Thailand has always held a special place in my heart. I first travelled there in 1991, a wide eyed kid wet behind the ears with a bucket shop one way ticket to Bangkok. My grand plans of a short beach break before heading down to the east coast of Australia joining the 1000’s of Pommie pilgrims earning a right of passage didn’t exactly go to plan. I left Thailand eleven months later to return home penniless, emancipated and full of great stories, which my friends soon got bored with.

I returned a few times mainly to Bangkok and Koh Samui happy to be back in the land of smiles but feeling slightly disappointed at all the changes. The old story of development being good for the locals but not good for my sense of adventure. That didn’t deter me from joining the Imaginative Travellers Wilderness Adventure two years ago.

Arriving in Bangkok this time was different. I had a hotel booked so no lugging my pack in Bangkok’s suffocating mixture of exhaust fumes, heat and humidity looking for a clean bed. I had a group to meet too, this was also good, eating Pad Thai on your own looking for a fellow traveller to strike a conversation with can be hard work. There were 10 of us, a mix of Poms, Aussies, a Canadian, an American and a South African. We all met for dinner and shortly after my first Thai beer I knew this would be a fun trip

Bangkok to me means food and shopping and the best place to find both is the Chata Chuk weekend market. I headed there with belly empty and wallet full destined to reverse the two. The market is huge, really huge, 35 acres of cheap goodies huge and sells everything from furniture to genuine fake designer clothes. The street food is fantastic but remember the Thai’s like it hot. I left my shopping with the hotel to keep safe as I would be returning there once I finished the trip.

Off to Chiang Mai on the overnight train. I like travelling like this, sleeping while moving makes sense to me and the train is clean, functional, safe and fine. I think Chiang Mai is the perfect place to escape hectic Bangkok. It’s a peaceful, happy place and that reflects in the locals. Sight seeing will take you to the Wat Pratat Doi Suthep temple – stunning and golden on a sunny day. The next stage of the trip was trekking in the surrounding jungle, I decided I needed a massage before we set off.

A trek in the hills of Northern Thailand is a chance to escape everyday life and clear your head. The going is not too difficult for someone with fairly good fitness although if it rains the mud can be tricky. I was enjoying my own head space when we arrived at the first village of wooden homes, pecking chickens and lots of smiles, basic but I couldn’t think of anywhere else I would rather have been. Chan, our guide, was a local from a neighbouring village and before long he had us divided amongst our village hosts before the sun set and got too difficult for us city people to do anything without electric light. That night, with the noise of the surrounding jungle lying on a mattress roll on a bamboo floor, was maybe the most peaceful night’s sleep I have ever had.

The next day’s trek was shorter and we covered ground quicker, maybe we were getting used to the trekking but I think it was the excitement of the elephant ride to come that afternoon.
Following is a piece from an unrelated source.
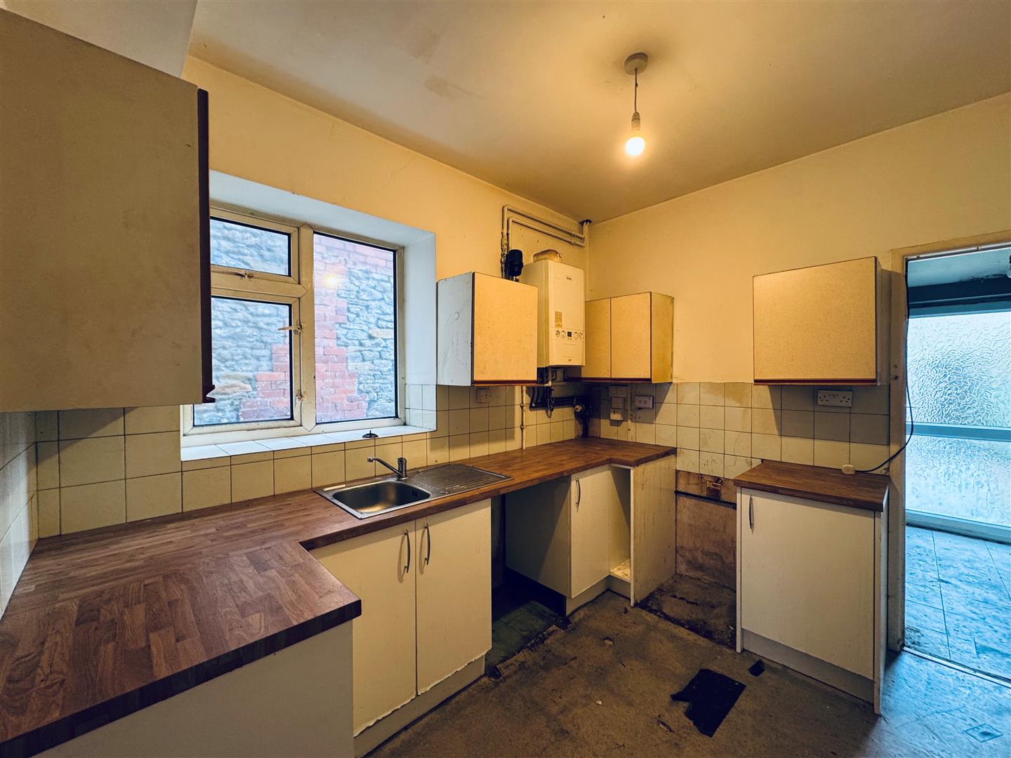 Kitchen - 3.9 x 2.7 (12'9" x 8'10") - UPVC double glazed window to side, base and wall units, roll edge worktop, stainless steel sink with drainer and mixer tap, tile splash back, plastered walls and ceiling, vinyl floor, boiler, radiator, power points.

Lunch was delicious but we were too busy watching the elephants wash in the river to notice. Elephants are brilliant creatures and being on one journeying deeper into the jungle is a fantastic experience.

The next morning Chan had us up early helping him and the village men build our rafts to take us down river to civilization. It is all part of the experience helping the guys and by helping I mean staying out of their way while they expertly craft our rafts. A serene float down to the nearest small town where our bus was waiting to take us to a hot shower and another massage.

We left Chiang Mai and headed back to Bangkok where we broke the journey up to the south with an over night stay in the city of angels.

I had heard a few good things about Khoa Sok national park, not too popular with tourists or backpackers alike due it not having a major bus stop. To get there you need to stop the bus by the 3rd banyan tree after 17th stream near the big hill and you will find a bakkie waiting to take you into the park. I’m glad we had a tour leader. The first night we slept with the birds in tree houses the second and third we stayed in raft houses on a man made dam. It is a truly beautiful area and a few of us spent the days swimming in waterfalls, flooded caves, kayaking and hiking and some of just sat back and took it all in.

How to finish this Thailand trip? On the beach of course. The islands around Krabi are what we visualize when we think of a Thai beach and they do not disappoint. The Thai’s have a word called sabai, loosely translated it means an inner happiness and contentment. I woke one afternoon from a napping on the beach and understood exactly what sabai means.